Char RNN
This walkthrough will take you through a model like that used in
Karpathy's 2015 blog post
, which can learn to generate text in the style of Shakespeare (or whatever else you may use as input).
shakespeare_input.txt
is
here
.
using Flux
import StatsBase: wsample
Firstly, we define up front how many steps we want to unroll the RNN, and the number of data points to batch together. Then we create some functions to prepare our data, using Flux's built-in utilities.
nunroll = 50
nbatch = 50
getseqs(chars, alphabet) =
sequences((onehot(Float32, char, alphabet) for char in chars), nunroll)
getbatches(chars, alphabet) =
batches((getseqs(part, alphabet) for part in chunk(chars, nbatch))...)
Because we want the RNN to predict the next letter at each iteration, our target data is simply our input data offset by one. For example, if the input is "The quick brown fox", the target will be "he quick brown fox ". Each letter is one-hot encoded and sequences are batched together to create the training data.
input = readstring("shakespeare_input.txt");
alphabet = unique(input)
N = length(alphabet)
# An iterator of (input, output) pairs
train = zip(getbatches(input, alphabet), getbatches(input[2:end], alphabet))
# We will evaluate the loss on a particular batch to monitor the training.
eval = tobatch.(first(drop(train, 5)))
Creating the model and training it is straightforward:
model = Chain(
Input(N),
LSTM(N, 256),
LSTM(256, 256),
Affine(256, N),
softmax)
m = tf(unroll(model, nunroll))
# Call this to see how the model is doing
evalcb = () -> @show logloss(m(eval[1]), eval[2])
@time Flux.train!(m, train, η = 0.1, loss = logloss, cb = [evalcb])
Finally, we can sample the model. For sampling we remove the
softmax
from the end of the chain so that we can "sharpen" the resulting probabilities.

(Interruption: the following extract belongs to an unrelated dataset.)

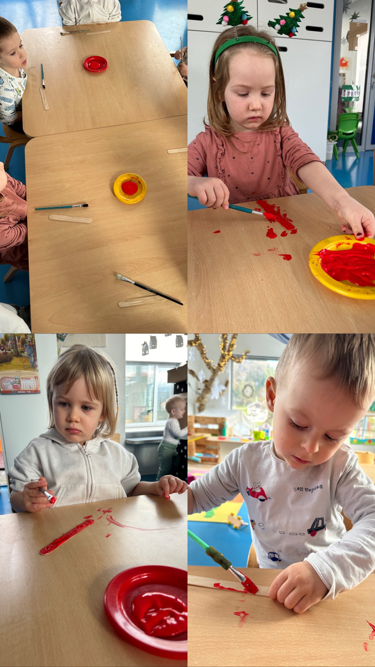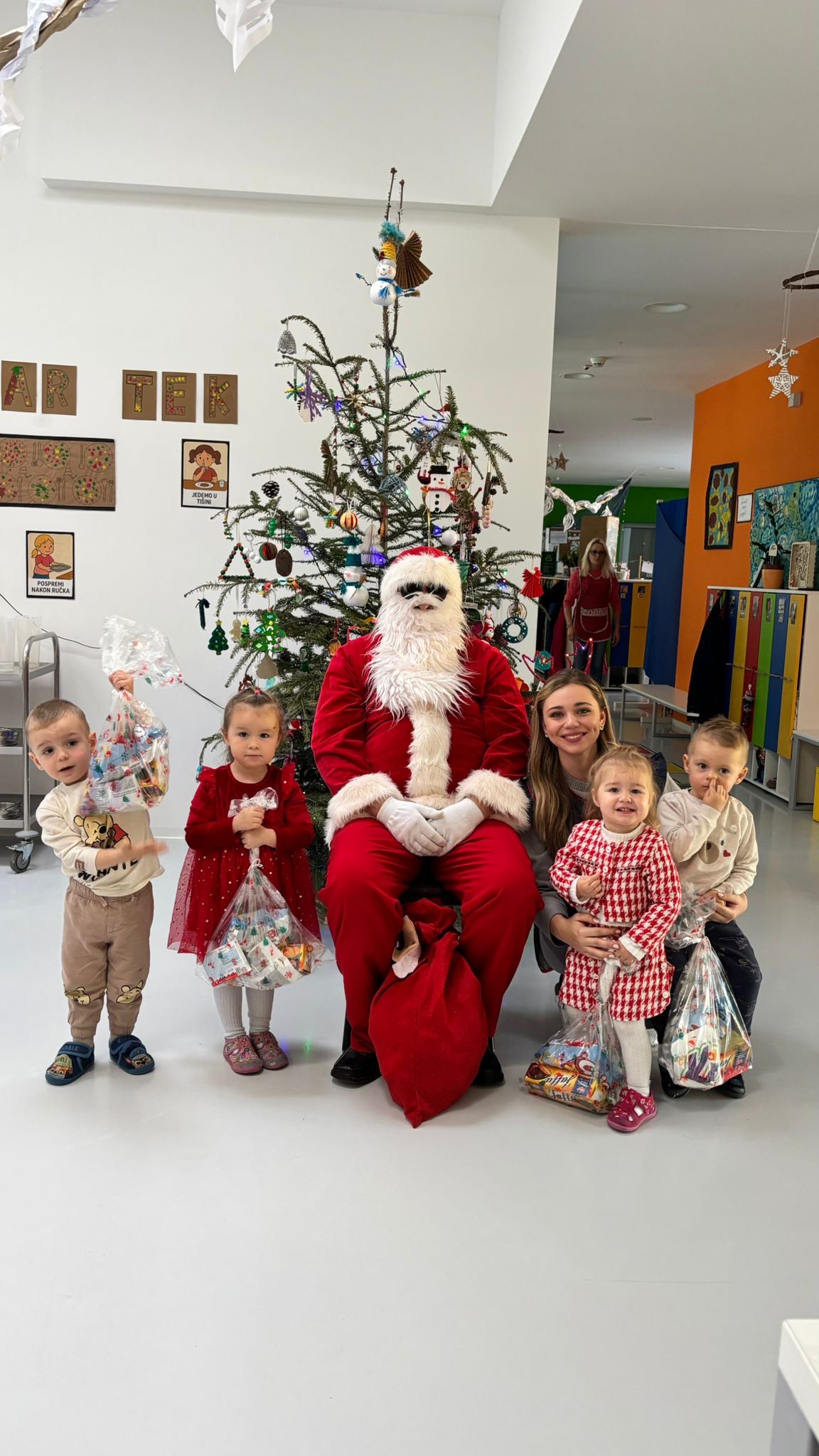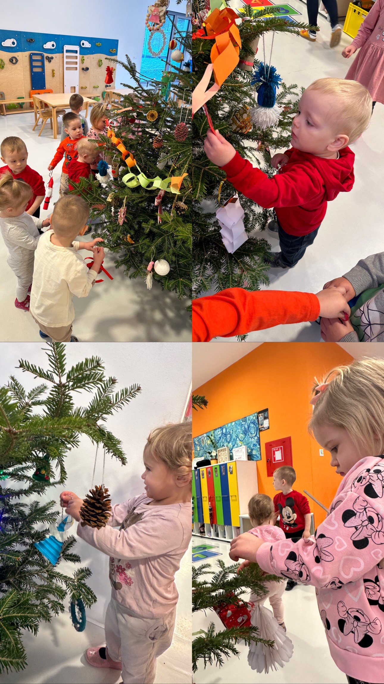U božićnom razdoblju u odgojnoj skupini „Žabice“ provodili smo niz raznovrsnih, sadržajno bogatih i djeci zanimljivih aktivnosti kojima smo poticali razvoj kreativnosti, suradnje, osjetilnog iskustva te njegovanje blagdanskog duha i zajedništva. Božićno ozračje započeli smo izradom božićnog poklona za roditelje. Djeca su bojala drvene štapiće crvenom temperom te otiskivala svoje dlanove na papir u zelenoj boji, čime su kroz likovno izražavanje razvijala finu motoriku, kreativnost i osjećaj ponosa zbog vlastitog rada. Uslijedilo je kićenje božićnog bora u predvorju vrtića.
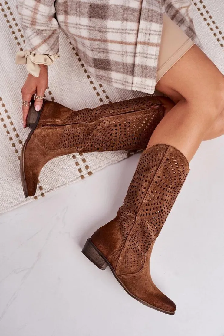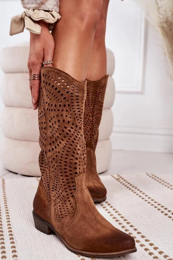 Boto Kozaki Ażurowe|Kozaki Zamszowe*Wiosenne Ażurowe Kozaki Zamszowe Exquisite 1229 Koniak

function sample(model, n, temp = 1)
s = [rand(alphabet)]
m = unroll1(model)
for i = 1:n-1
push!(s, wsample(alphabet, softmax(m(unsqueeze(onehot(s[end], alphabet)))./temp)[1,:]))
end
return string(s...)
end
sample(model[1:end-1], 100)
sample
then produces a string of Shakespeare-like text. This won't produce great results after only a single epoch (though they will be recognisably different from the untrained model). Going for 30 epochs or so produces good results.

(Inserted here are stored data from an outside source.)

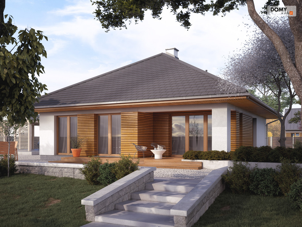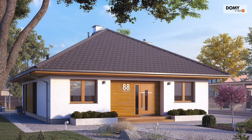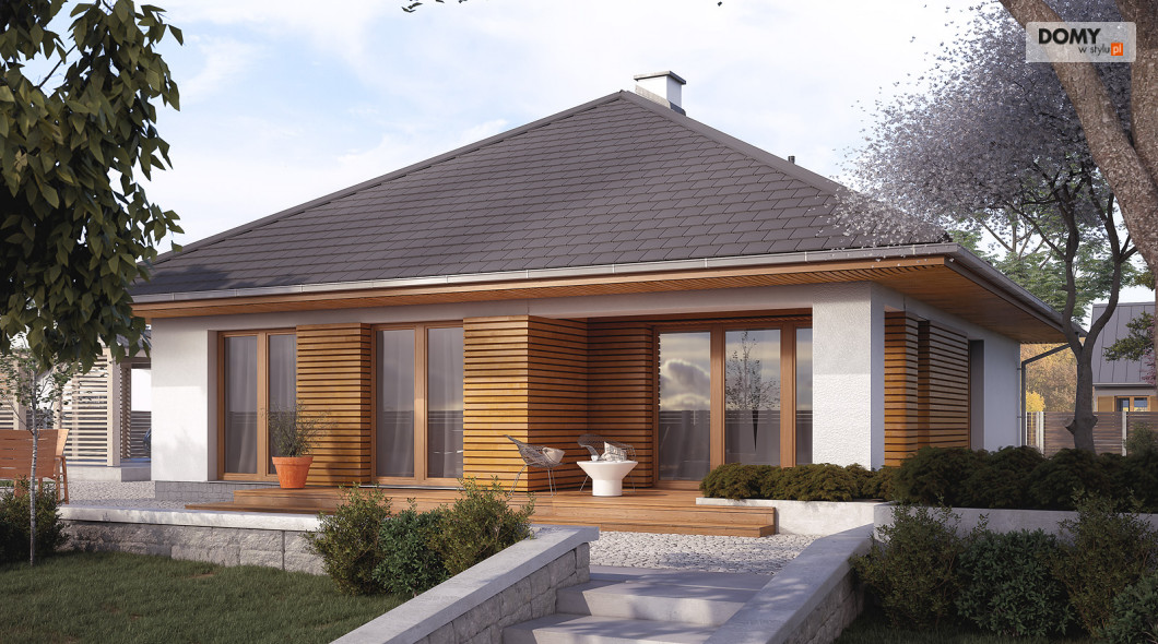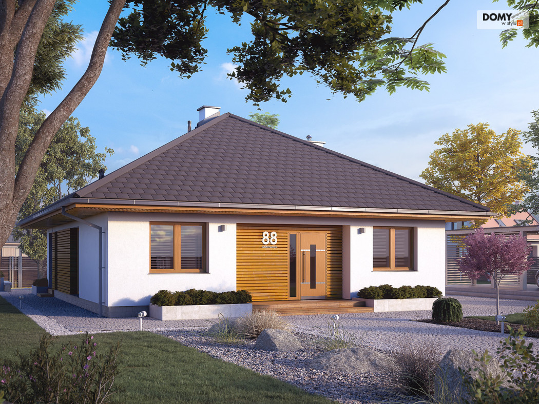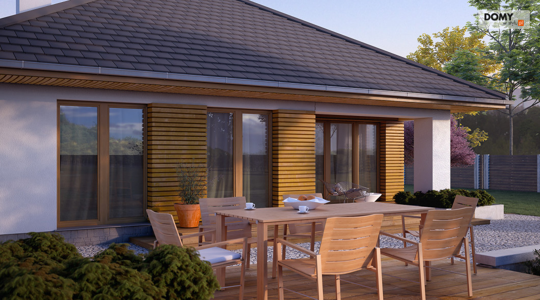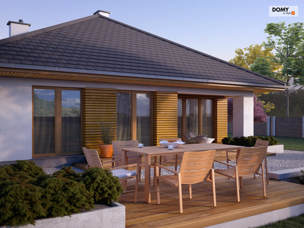 Elka 5 to projekt domu parterowego przeznaczony dla 3-4 osobowej rodziny. W części dziennej znajduje się kuchnia ze spiżarnią oraz przestronny salon z miejscem na jadalnię. W części nocnej znajdują się trzy sypialnie, w tym jedna wydzielona z myślą o sypialni rodziców. Pozostałe pomieszczenia wspólne to wc, łazienka, pralnia i kotłownia. Zaletą projektu Elka 5 jest zadaszony taras z miejscem na odpoczynek i relaks. Praktycznym rozwiązaniem jest także usytuowanie dużej szafy w wiatrołapie.
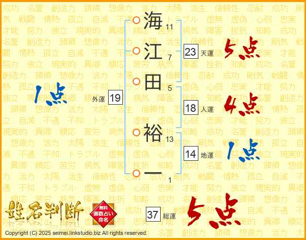 海江田裕一さんの総運は37画の5点!
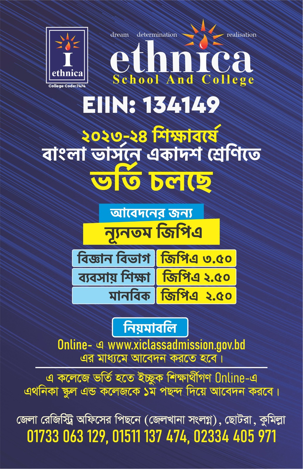 ethnica School And College ethnica School, formally known as ethnica An English Version School under Comilla Education Board is the only English Version School in Comilla City Corporation of Bangladesh with the provision for JSC,SSC And HSC in English Version.The school offers education ranging from elementary level to Higher Secondary level (Play Group -HSC). Read More →
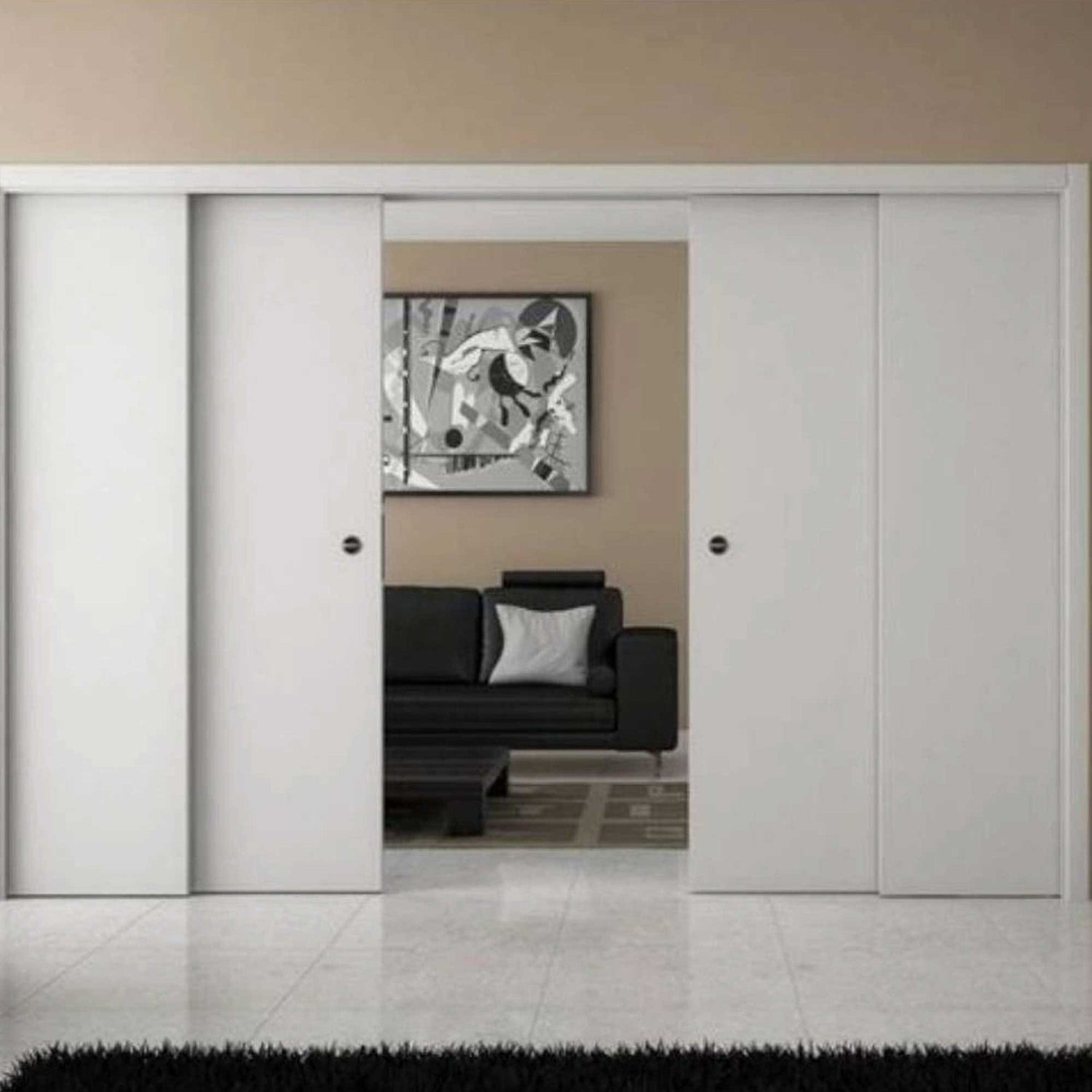 The Counterframe Scrigno Gold Granluce Double Door Plasterboard 190mm H2100 is designed for those who want to optimize large spaces and create environments with great visual impact. This innovative solution allows the disappearance of two parallel sliding doors, connected to each other by a drag system, ensuring smooth opening and a clean design. Perfect for installations on internal plasterboard partition walls, offers the ultimate in functionality and style.

Trained on a dataset from base Julia , the network can produce code like:
function show(io::IO, md::Githompty)
Buffer(jowerTriangular(inals[i], initabs_indices), characters, side, nextfloat(typeof(x)))
isnull(r) && return
start::I!
for j = 1:length(b,1)
a = s->cosvect(code)
return
end
indsERenv | maximum(func,lsg))
for i = 1:last(Abjelar) && fname (=== nothing)
throw(ArgumentError("read is declave non-fast-a/remaining of not descride method names"))
end
if e.ht === Int
# update file to a stroducative, but is decould.
# xna i -GB =# [unsafe_color <c *has may num 20<11E 16/s
tuple | Expr(:(UnitLowerTriangular(transpose,(repl.ptr)))
dims = pipe_read(s,Int(a)...)
ex,0 + y.uilid_func & find_finwprevend(msg,:2)
ex = stage(c)
# uvvalue begin
end
end